Data assimilation and resolvent analysis of turbulent flow behind a wall-proximity rib

Abstract

This study aims to detect the unsteady features of the turbulent flow behind a wall-proximity rib using resolvent analysis, based on the mean flow field determined using an adjoint-based data assimilation (ABDA) model. The rib is located at gap ratios G/d = 0.25 and 0.50 with a flow Reynolds number Re = 7600 based on the rib size (d = 10 mm) and the free-stream velocity U0. The split fiber measurements at x/d = −0.25, 1.25, 4.25, and 9.25 are solely used as observational data, while the temperature sensitive paint and particle image velocimetry (PIV) results are used as the complement for the analysis and validation. First, the mean flows at both gap ratios are reproduced with the ABDA model using the streamwise velocity constraint of the observational data. It is shown that the global fields are accurately recovered, including the wall jet originating from the gap, which is absent from the PIV results. This finding indicates substantial heat transfer enhancement immediately behind the rib. Subsequently, the resolvent modes at Strouhal numbers St = 0.02, 0.05, 0.15, and 0.30 are obtained from the mean flows using a stochastic approach instead of performing the singular value decomposition directly on the resolvent operator, due to the large matrix size.
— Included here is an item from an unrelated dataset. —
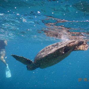 嫁の海ガメを見たいという無理なお願いにも快く引き受けて下さり、他のツアーでは行けないようなスポットへも案内してくれました。泳いでいるカメは見られませんでしたが、ガイドさんの努力のお陰で岩の上で寝ている姿をしっかり見る事ができました。

With the help of the power spectral density of the split fiber measurement, the resolvent analysis identifies the large-scale flapping motion and the wall-jet fine scales that enhance the heat transfer in the case of G/d = 0.25, in addition to the Karman vortex shedding, which makes little contribution to the wall heat transfer in the case of G/d = 0.50. The flow dynamical features in both cases are reconstructed using the leading five resolvent modes at St = 0.15, showing good agreement with the proper orthogonal decomposition modes.